EXERCISE: Each line of the data is to be output verbatim, with the images removed.

DATA SEGMENT:

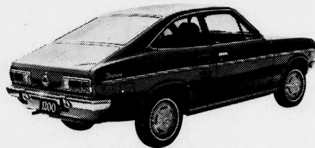
THE INFLATION BEATER: DATSUN 1200 FASTBACK — $2,363 Complete

Can a man be quoted who talks over a friendly glass at a party? "Go ahead," replied Ferguson. "Never in my life have I endorsed a commercial product for money but, I'm prepared to stand behind my Datsun for free."
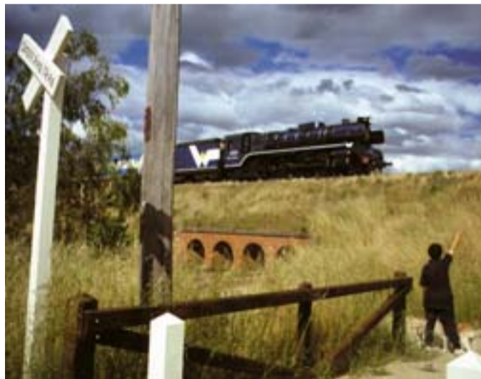
Train- 'Spirit of Bendigo' between Bob St & Murphy

EXERCISE RESULT:
THE INFLATION BEATER: DATSUN 1200 FASTBACK — $2,363 Complete

Can a man be quoted who talks over a friendly glass at a party? "Go ahead," replied Ferguson. "Never in my life have I endorsed a commercial product for money but, I'm prepared to stand behind my Datsun for free."
Train- 'Spirit of Bendigo' between Bob St & Murphy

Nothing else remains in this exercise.